Подавшийся вперед широкоплечий сутулый старик, Лаврентьич, матрос с жилистыми просмоленными руками, без пальца на одной руке, давно оторванного марс-фалом[6], и цепкими, слегка вывернутыми ногами, слушая песни, словно замер в какой-то истоме. Его морщинистое лицо с красно-сизым, как слива, носом и щетинистыми усами, — обыкновенно сердитое, точно Лаврентьич чем-то недоволен, — смотрит теперь необыкновенно кротко. Некоторые матросы тихонько подтягивают, другие, рассевшись по кучкам, вполголоса разговаривают, выражая по временам одобрение то улыбкой, то восклицанием.

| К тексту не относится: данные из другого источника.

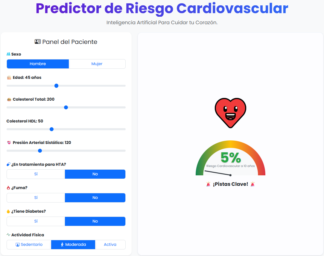 Entre los proyectos más destacados se encuentra el Predictor de Riesgo Cardiovascular, una plataforma web interactiva que permite a médicos y pacientes visualizar cómo sus hábitos inciden en su salud a largo plazo.
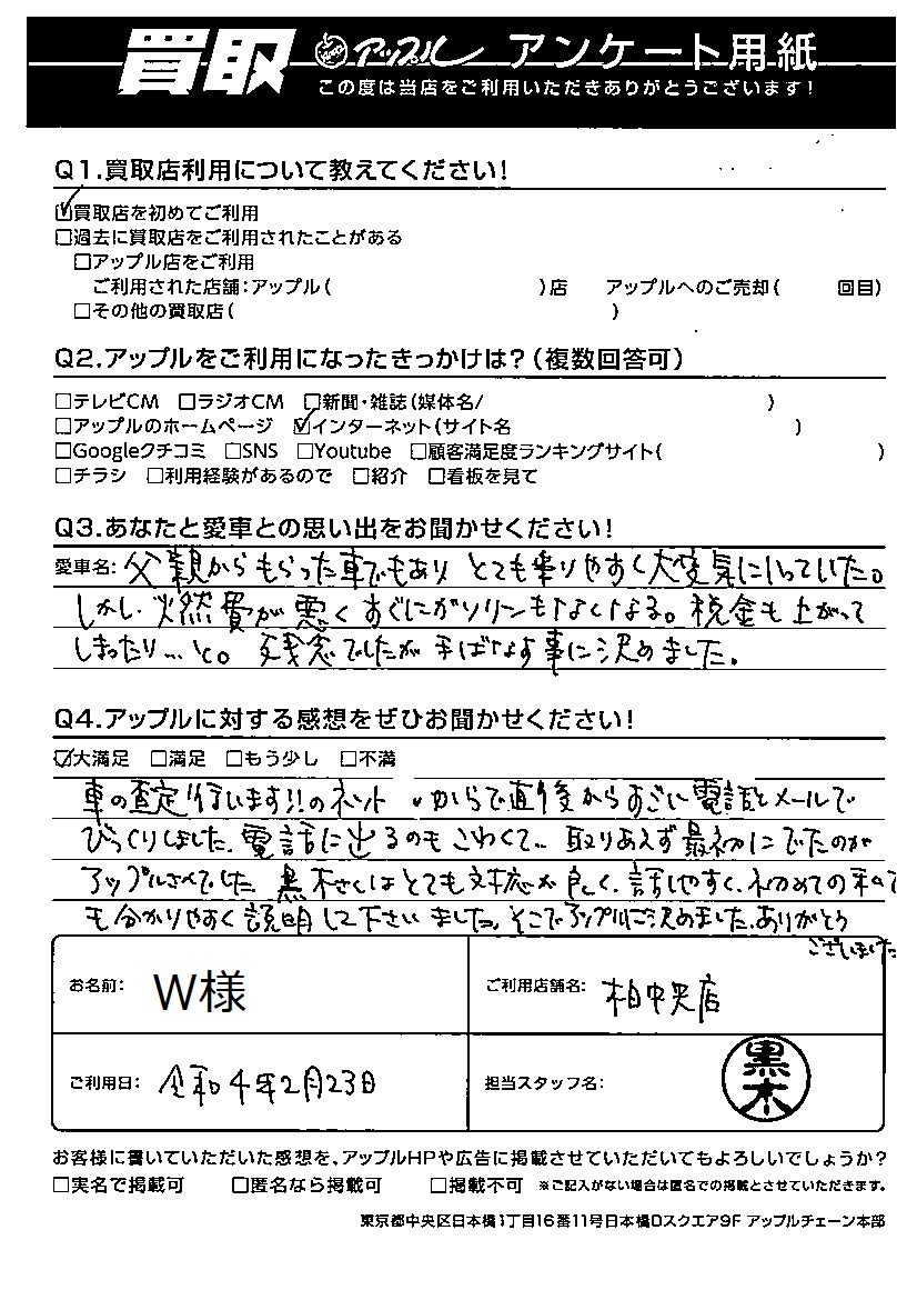 車の査定行います!!のネットからで、直後からすごい電話とメールでびっくりしました。電話にでるのもこわくて、取りあえず最初にでたのがアップルさんでした。黒木さんはとても対応が良く、話しやすく、初めての私でも分かりやすく説明して下さいました。そこでアップルに決めました。ありがとうございました。

И в самом деле, хорошо поют наши песенники! Голоса в хоре подобрались все молодые, свежие и чистые и спелись отлично. Особенно приводил всех в восторг бархатный тенорок подголоска Шутикова. Этот голос выделялся среди хора своей красотой, забираясь в самую душу чарующей искренностью и теплотой выражения.
— За самое нутро хватает, подлец! — говорили про подголоска матросы.
Песня лилась за песнею, напоминая матросам, среди тепла и блеска тропиков, далекую родину с ее снегами и морозами, полями, лесами и черными избами, с ее близкими сердцу бездольем и убожеством…
— Вали плясовую, ребята!
Хор грянул веселую плясовую. Тенорок Шутикова так и заливался, так и звенел теперь удальством и весельем, вызывая невольную улыбку на лицах и заставляя даже солидных матросов поводить плечами и притопывать ногами.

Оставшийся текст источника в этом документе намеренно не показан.